We got 4 rhea eggs and incubated them. Only one hatched unfortunately and it is nearly 2 weeks old now. Obviously it doesn't have a parent of any siblings to imitate so its been a real struggle to get it to eat anything. We incubate chicken eggs all the time and they are really easy to teach how to peck and eat, but this rhea is totally different.

Just wondering, or hoping, if anyone on here has had experience with raising rhea chicks and could offer any helpful advice. We are currently having to feed it via syringe to ensure that its getting food.

We've got some more rhea eggs in incubator now with the hopes of giving our little one a friend in about a months time. 

Cheers

Maxine


----------



## miss_ferret (Feb 4, 2010)

i love rhea's but iv never kept one so cant offer any first hand advice, but a lot of 'open farms' (think thats the term) and the like keep and breed them, so you could try calling one of those and seeing if they can help. sorry cant be more help : victory:


----------



## wohic (Jun 19, 2006)

Turkeys are finicky to get feeding , look about at what they peck at . with turkeys we add silver sugar balls to their food as they like shiny things, you could also try adding a few mealworms to their food as it may go for the movement


----------



## wohic (Jun 19, 2006)

Oh just thought of something else, try chopped greens and hard boiled egg, and try offering it on a piece of white towel.......


----------



## Loderuna (Mar 9, 2010)

How about putting it with the chicken chicks or chickens?
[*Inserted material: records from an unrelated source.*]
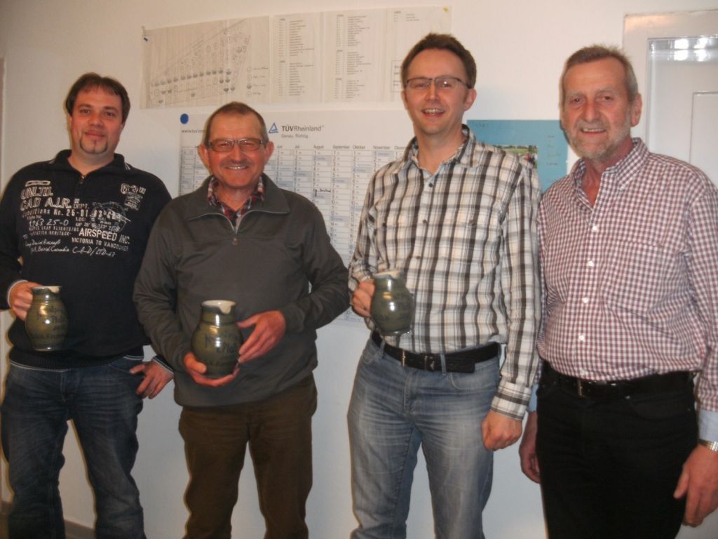 Die handgetöpferten Mostkrüge überreichte den Siegern Wolfgang Blessing, der sich zudem erfreut darüber zeigte, dass bis auf eine Ausnahme alle Möste nach alter Tradition hergestellt wurden. Ausgelesene Obstsorten, reifes Obst und ein ausgewogenes Verhältnis an Äpfeln und Birnen sorgten auch diesmal wieder für süffigen Trinkgenuss.
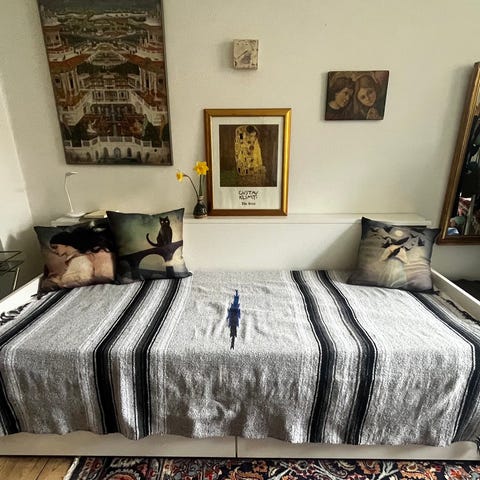 Ilva sovesofa i beige stof. Sofaen kan trækkes ud til sovefunktion, så den fungerer som både sofa og seng. Polstret sæde og ryghynde i samme stof med synlige stikninger. Klassisk model med afrundede armlæn og stofskørt ned mod gulvet. Velegnet til mindre rum, gæsteværelse eller sommerhus, hvor der er behov for en kombination af siddeplads og ekstra soveplads.
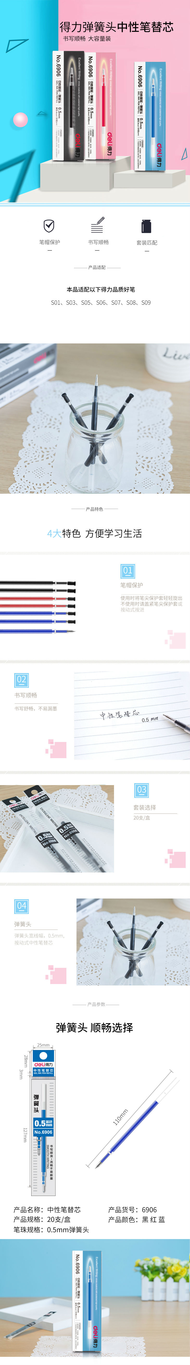商品名称:得力6906中性笔芯0.5mm弹簧头学生办公黑色签字笔
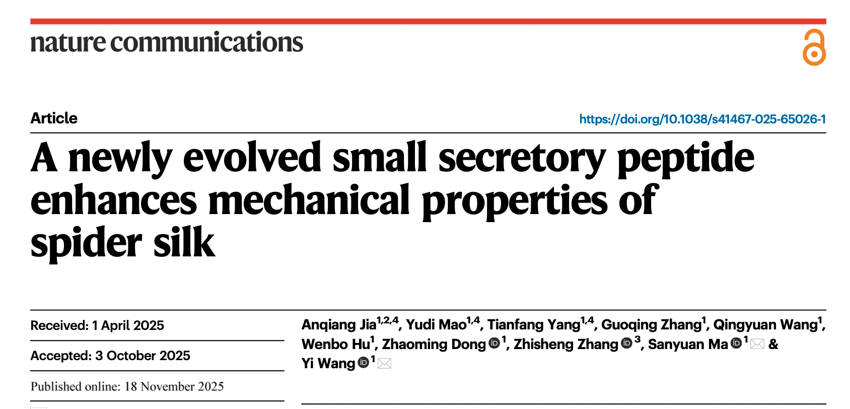 近日,前沿交叉学科研究院生物学研究中心王翊/马三垣教授团队在《自然通讯》(Nature Communications)期刊在线发表题为《一种新进化的增强蜘蛛丝机械性能的小分泌肽》(A newly evolved small secretory peptide enhances mechanical properties of spider silk)的研究论文,通过系统演化基因组学方法,在棒络新妇蜘蛛(Trichonephila clavata)基因组中发现了大量在圆蛛总科(Araneoidea)祖先分化后新出现的基因,并揭示其中一个名为SpiCE-DS8的小分子分泌肽,能够显著提升丝的力学性能。该研究不仅为理解蜘蛛丝腺的功能演化提供了全新视角,也为人工合成高性能仿生纤维材料开辟了新路径。
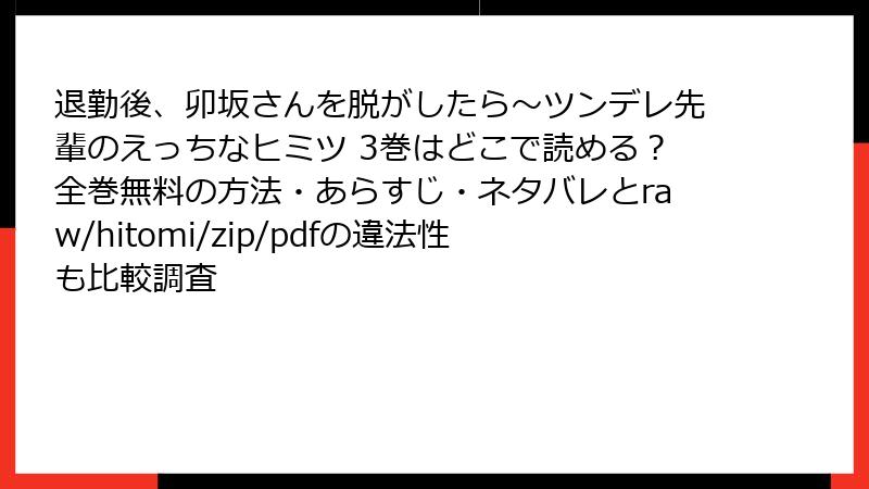 raw/hitomi/zip/pdf/漫画バンクなどの海賊版サイトは、法的罰則、セキュリティ脅威、経済・倫理的損失のトリプルパンチ。無料の誘惑に負けず、正規サービスを選べば、クリエイターを応援しつつ、安全に楽しめます。退勤後、卯坂さんを脱がしたらの甘い世界を、心置きなく堪能するために、今日から合法ルートへシフトを! 皆さんの体験談やおすすめサービスをコメントでシェアしてくださいね。次回の漫画レビューもお楽しみに!
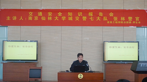 12月17日下午,应信息工程学院邀请,仙林大学城交警七大队的张林警官在我校仙林校区图书馆世界之窗作了题为“珍爱生命,安全出行”的交通安全知识讲座。讲座由信息工程学院党委副书记潘雪峰主持,信息工程学院部分师生参加了讲座。
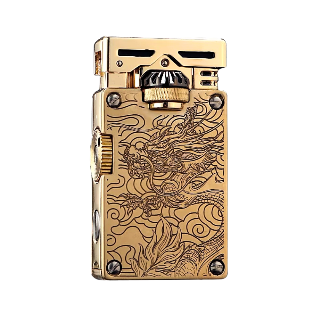 Dragon's Breath lighter boasts a luxurious gold finish, adorned with intricate engravings of a majestic dragon, symbolizing power and elegance. Featuring a precision flint wheel ignition and a steady flame, it combines exceptional craftsmanship with reliable performance. Perfect for collectors and those who appreciate cultural artistry.
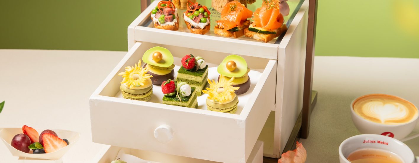 甜品系列包括:牛油果芝士蛋糕,糅合清润鳄梨酱及浓郁芝士,口感丝滑。薄荷巧克力泡芙,内馅蕴藏清凉薄荷奶冻,外层包裹柔滑巧克力,清爽不腻。绿茶慕斯和开心果马卡龙,以精巧造型和细腻风味,为下午茶圆满收尾。

It might get the hang of it from watching them?


----------



## ftrz00kpr (Feb 8, 2010)

Thanks, I will try that.

We put a full grown chicken in with it, and the rhea didn't seem to mind having the chicken in there, just sort of followed it around. But then we went back about 20 minutes later and the rhea had chicken feathers in its mouth. So that plan didn't work! Then we tried putting a little chick in there, but the rhea just pecked at it. Someone told us that they could die of boredom, so we are always getting it out and letting it wander around and letting it interact with us, its not afraid of people at all!

We've got a little 'animal farm' I guess you could call it for people to look around. We've got various rare breed chickens, turkeys, donkeys, goats, kune kune pigs, meerkats, ferrets and various other little things. We originally wanted quite a few rhea as it would make a nice addition, we just hope this one does ok!


----------